Baeta attended Achimota College and earned her teacher's certificate in 1937. She was headmistress and teacher at the Evangelical Presbyterian Girls School from 1940 to 1946. After the buildings of the Evangelical Presbyterian School for Girls were washed away by the ocean in 1940, the girls were moved to the Evangelical Presbyterian School for Boys. The school was overcrowded, and Baeta knew it would be difficult to find funding for new buildings. She approached the Evangelical Presbyterian Church Choir and transformed it into a drama group that put on the George F. Rool musical David the Shepherd Boy. The performances were successful and the group was invited to perform in major Gold Coast cities and in Togo. Baeta was able to raise funds for a new school for the girls that was built by December 1945.

===Studies in London===
Baeta's time with the Evangelical Presbyterian Girls School was fulfilling but left her restless. She passed the London Matriculation Examination in 1945. Her elder brother Christian made inquiries to the University of London on her behalf and her mother secured loans for her. She was admitted to the London School of Economics and Political Science in 1946. Her male colleagues from the Gold Coast urged her to abandon her studies, thinking them too difficult for a woman. One offered to arrange a position for her at the Paris Academy to study dress design. She told them she would return to the Gold Coast if she didn't pass her first examination. She passed, and was no longer bothered by the men. She received her LLB in 1949 and was called to the Bar at Lincoln's Inn the following year. Baëta also participated in religious and social work during her free time in London. She worked with youth camps organised by the Young Women's Christian Association (YWCA) and was elected to the Executive Committee of the World YWCA during her final years as a student.

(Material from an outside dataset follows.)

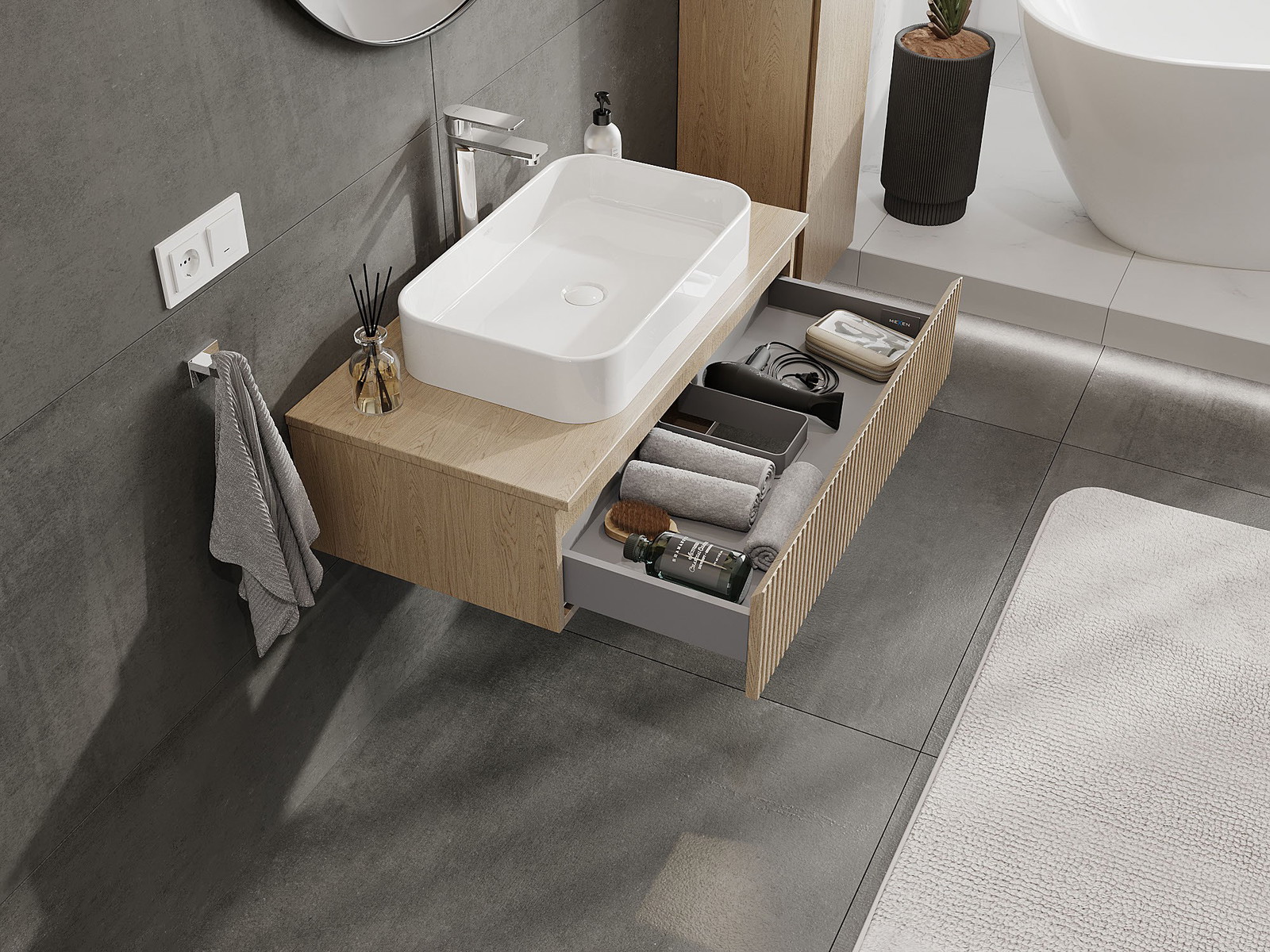 Mexen Rivel kylpyhuonekaappi pesualtaan alapuolella 90 cm, jossa pöytätaso, 1 laatikko, uurrettu, tammi - 91A20-09023-1-BFC81

==Legal career, women's rights activism and legacy==
Baeta established a private practice upon her return to the Gold Coast in 1950. She led a public relations initiative to establish a national YWCA for the colony and a documentary film was produced as part of the drive to educate the public about the organisation. Baeta married Fred Jiagge on 10 January 1953. She gave up the Bar and became a magistrate for the Bench in June 1953. In 1954, she began regularly attending the conferences of the World Council of Churches. From 1955 to 1960, she was president of the YWCA. She and her husband adopted a child, Rheinhold, in 1959. In 1959, she became a judge for the Circuit Court.

Injustice eats me internally. I get very restless when I come in touch with it.
— Annie Jiagge

After learning of a young woman who was raped in Accra after coming there from the countryside for a job interview, Jiagge sought government assistance to provide safe accommodations for visiting women. She secured an audience with Ghanaian president Kwame Nkrumah and convinced him of the project's importance. She spearheaded a successful campaign in 1961 that raised substantial funds for a YWCA women's hostel. That year she became a judge of the High Court of Justice. From 1961 to 1976 she was a council member of the University of Ghana. In 1962 she was appointed to represent Ghana on the United Nations Commission on the Status of Women. She was asked to chair the Commission to Investigate the Assets of Senior Public Servants and Named Political Leaders in 1966. She championed women's rights through her work at the United Nations, representing Ghana through 1972. In 1966, she was elected rapporteur of the Commission. During a meeting in Iran in 1967, the Commission was charged with preparing a document on the elimination of discrimination against women. Worried that a draft wouldn't be finished by the time they left Iran, Jiagge met other members of the team, including Iranian Princess Ashraf Pahlavi, and drafted the document in a single night. It was sent to UN member-states for comment and was later adopted. The Declaration was an important precursor to the legally binding 1979 Convention on the Elimination of All Forms of Discrimination Against Women. Jiagge was elected chair of the Commission's 21st session in 1968.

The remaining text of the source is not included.